──────── RECORD SET

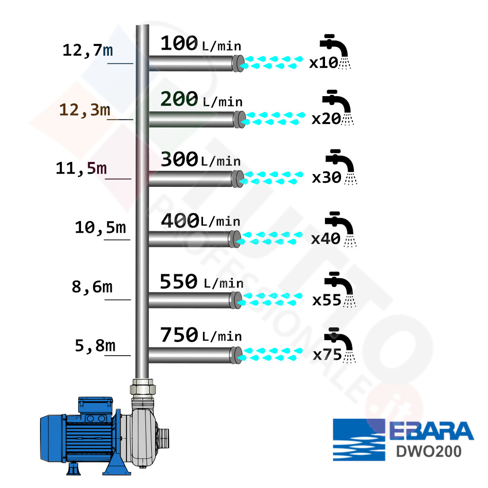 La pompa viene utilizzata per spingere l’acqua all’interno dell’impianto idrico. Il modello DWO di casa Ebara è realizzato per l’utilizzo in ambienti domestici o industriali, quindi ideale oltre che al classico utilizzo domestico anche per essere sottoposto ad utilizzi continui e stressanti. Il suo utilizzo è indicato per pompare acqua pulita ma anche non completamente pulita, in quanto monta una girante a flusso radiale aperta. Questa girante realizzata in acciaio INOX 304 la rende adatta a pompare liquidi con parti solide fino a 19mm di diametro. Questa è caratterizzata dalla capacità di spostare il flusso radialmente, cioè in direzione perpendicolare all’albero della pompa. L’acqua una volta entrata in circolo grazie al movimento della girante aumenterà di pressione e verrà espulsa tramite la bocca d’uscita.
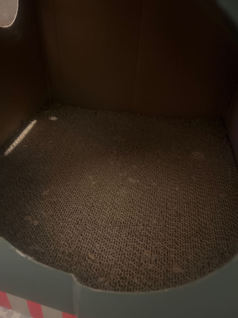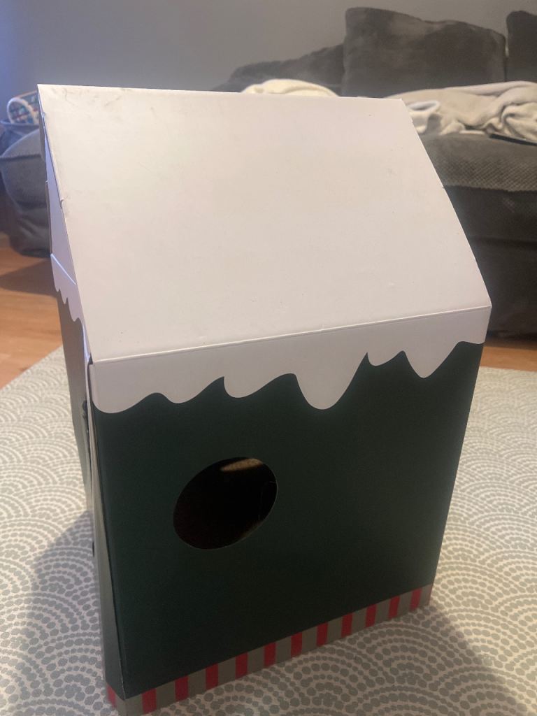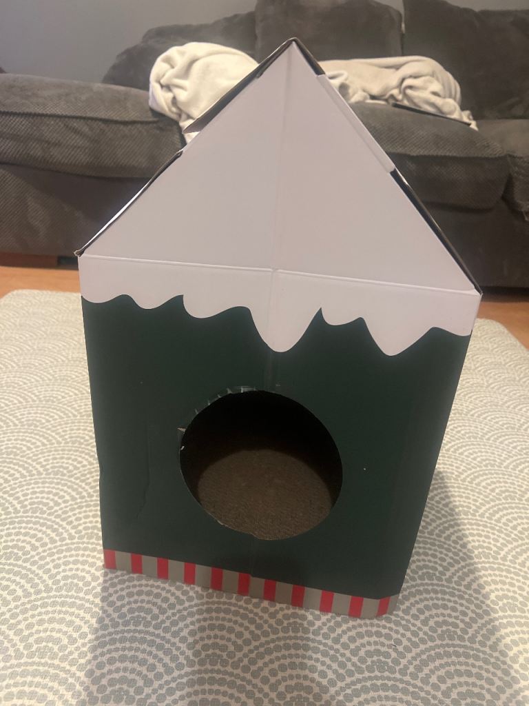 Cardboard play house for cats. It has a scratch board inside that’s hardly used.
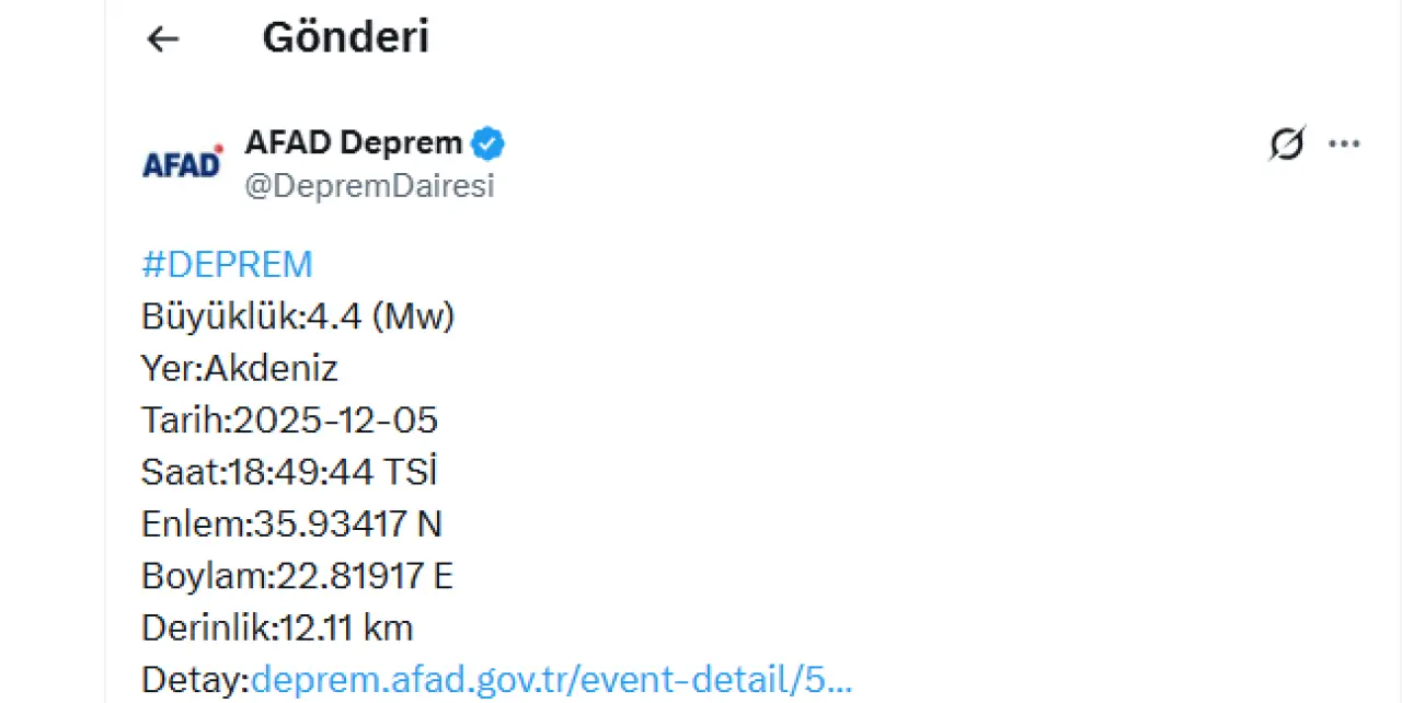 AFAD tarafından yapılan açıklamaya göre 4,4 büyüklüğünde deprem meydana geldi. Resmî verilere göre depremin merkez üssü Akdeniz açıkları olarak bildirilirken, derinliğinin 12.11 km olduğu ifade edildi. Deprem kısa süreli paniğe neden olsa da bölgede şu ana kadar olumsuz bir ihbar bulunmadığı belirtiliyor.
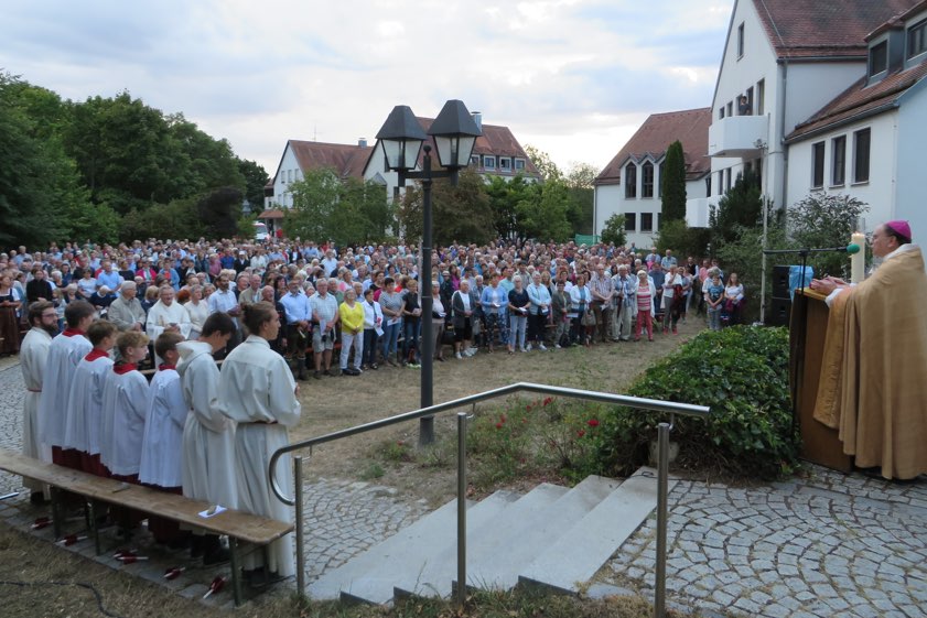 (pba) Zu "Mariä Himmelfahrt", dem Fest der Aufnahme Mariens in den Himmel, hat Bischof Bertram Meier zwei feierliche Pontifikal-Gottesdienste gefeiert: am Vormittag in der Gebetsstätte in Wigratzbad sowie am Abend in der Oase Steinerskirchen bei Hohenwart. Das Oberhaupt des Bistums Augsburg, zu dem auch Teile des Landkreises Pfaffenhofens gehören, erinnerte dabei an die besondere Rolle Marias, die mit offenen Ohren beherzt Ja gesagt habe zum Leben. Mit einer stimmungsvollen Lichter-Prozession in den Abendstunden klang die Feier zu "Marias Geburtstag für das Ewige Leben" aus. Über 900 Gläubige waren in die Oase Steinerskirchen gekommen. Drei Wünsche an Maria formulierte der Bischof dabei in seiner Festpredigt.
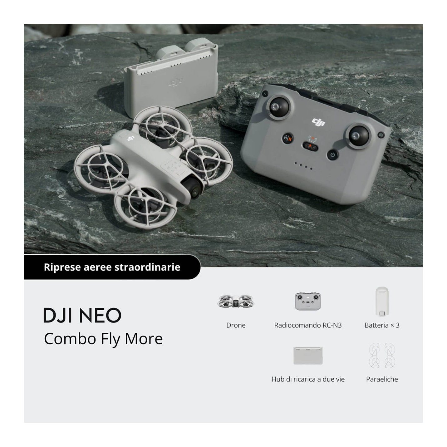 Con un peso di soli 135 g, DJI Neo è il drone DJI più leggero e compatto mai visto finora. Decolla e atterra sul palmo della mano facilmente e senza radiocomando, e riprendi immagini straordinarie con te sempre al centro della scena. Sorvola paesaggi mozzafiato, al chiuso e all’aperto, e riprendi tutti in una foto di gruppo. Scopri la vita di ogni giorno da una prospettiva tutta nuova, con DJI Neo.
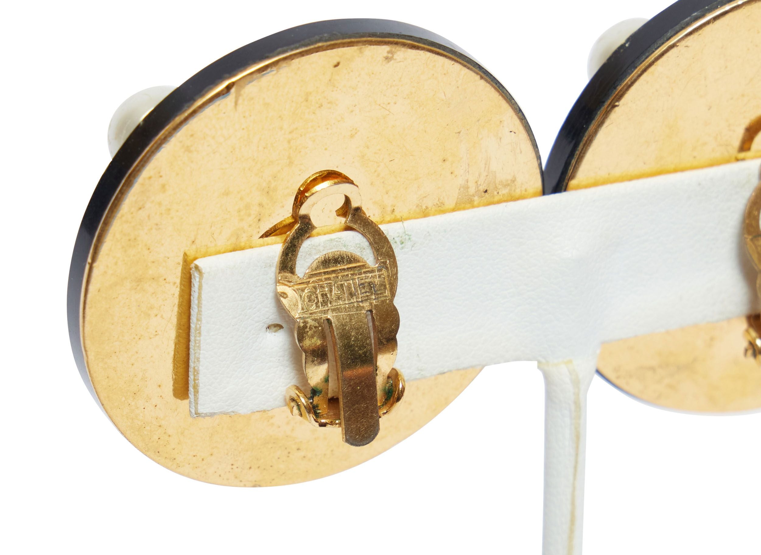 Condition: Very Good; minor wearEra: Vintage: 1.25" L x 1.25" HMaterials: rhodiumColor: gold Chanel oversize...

────────────────
──────── RECORD SET

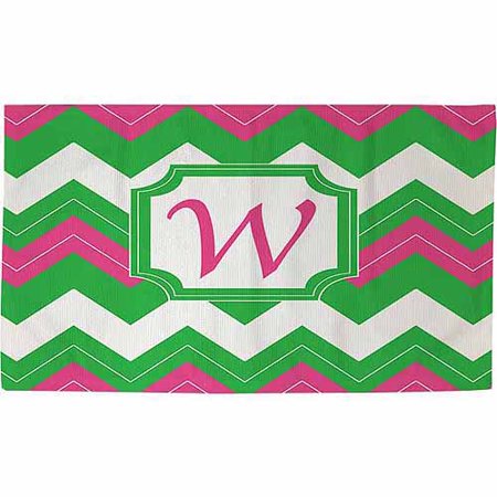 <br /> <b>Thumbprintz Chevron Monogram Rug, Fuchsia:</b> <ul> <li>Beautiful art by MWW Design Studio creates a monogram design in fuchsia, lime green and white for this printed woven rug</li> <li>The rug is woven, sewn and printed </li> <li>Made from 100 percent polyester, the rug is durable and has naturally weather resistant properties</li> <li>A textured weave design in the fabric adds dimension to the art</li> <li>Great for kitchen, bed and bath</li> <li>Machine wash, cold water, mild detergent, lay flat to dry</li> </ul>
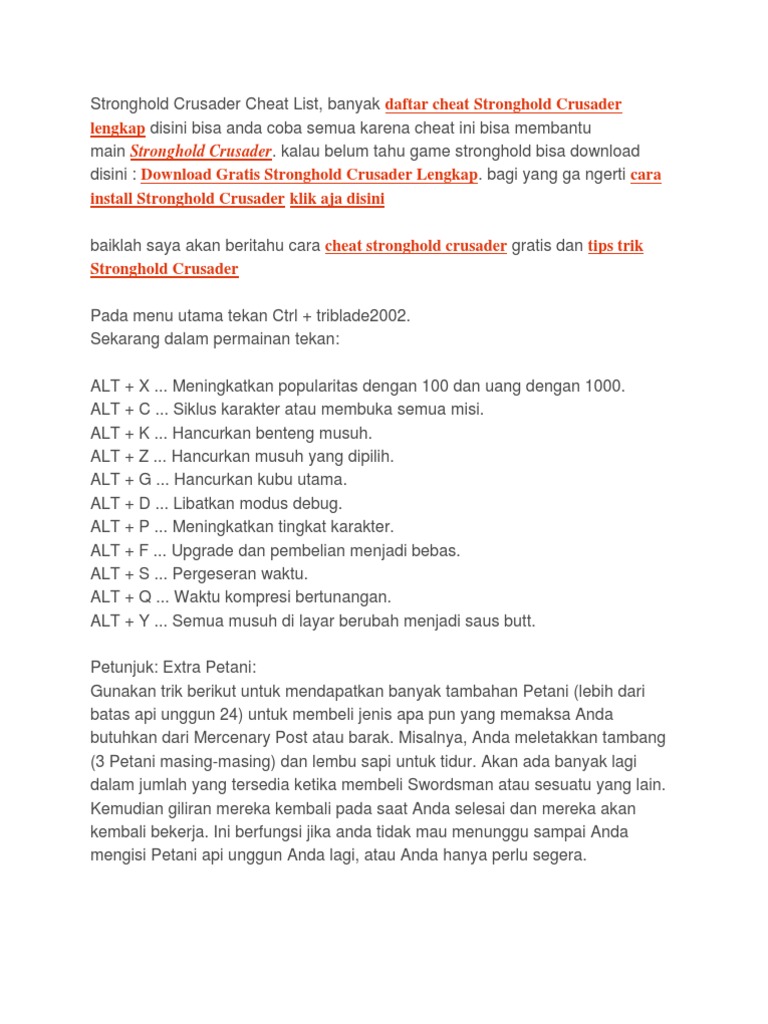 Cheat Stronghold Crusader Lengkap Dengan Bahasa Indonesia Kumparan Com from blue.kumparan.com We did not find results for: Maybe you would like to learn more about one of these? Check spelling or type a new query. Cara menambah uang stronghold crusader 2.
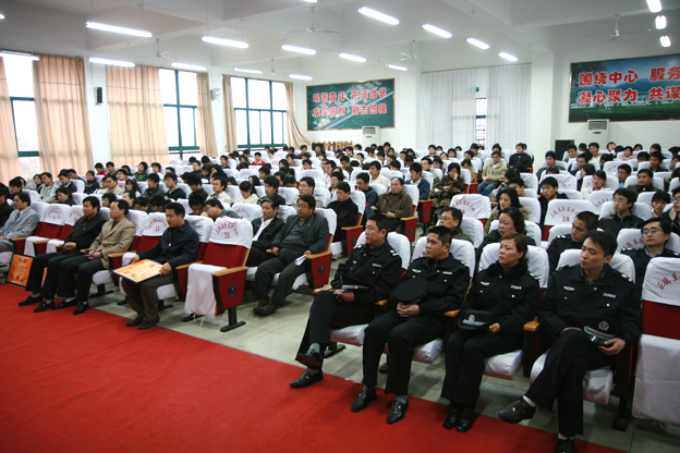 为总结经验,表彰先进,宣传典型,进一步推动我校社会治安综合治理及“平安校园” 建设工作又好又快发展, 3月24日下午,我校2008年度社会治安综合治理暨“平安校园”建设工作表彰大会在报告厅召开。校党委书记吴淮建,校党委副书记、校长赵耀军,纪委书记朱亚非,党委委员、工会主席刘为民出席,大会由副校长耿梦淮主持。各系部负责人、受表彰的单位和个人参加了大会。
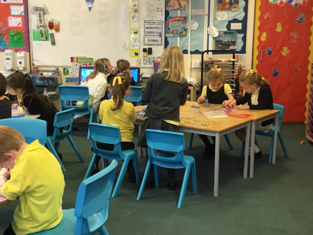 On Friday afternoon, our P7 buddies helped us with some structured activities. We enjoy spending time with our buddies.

────────────────

ACTIVITY —
Your answer should be the lines above, word for word, from the line with "Con un peso" through the line with "Condition: Very Good;", minus the pictures.

SOLUTION TO THIS TASK —
 Con un peso di soli 135 g, DJI Neo è il drone DJI più leggero e compatto mai visto finora. Decolla e atterra sul palmo della mano facilmente e senza radiocomando, e riprendi immagini straordinarie con te sempre al centro della scena. Sorvola paesaggi mozzafiato, al chiuso e all’aperto, e riprendi tutti in una foto di gruppo. Scopri la vita di ogni giorno da una prospettiva tutta nuova, con DJI Neo.
 Condition: Very Good; minor wearEra: Vintage: 1.25" L x 1.25" HMaterials: rhodiumColor: gold Chanel oversize...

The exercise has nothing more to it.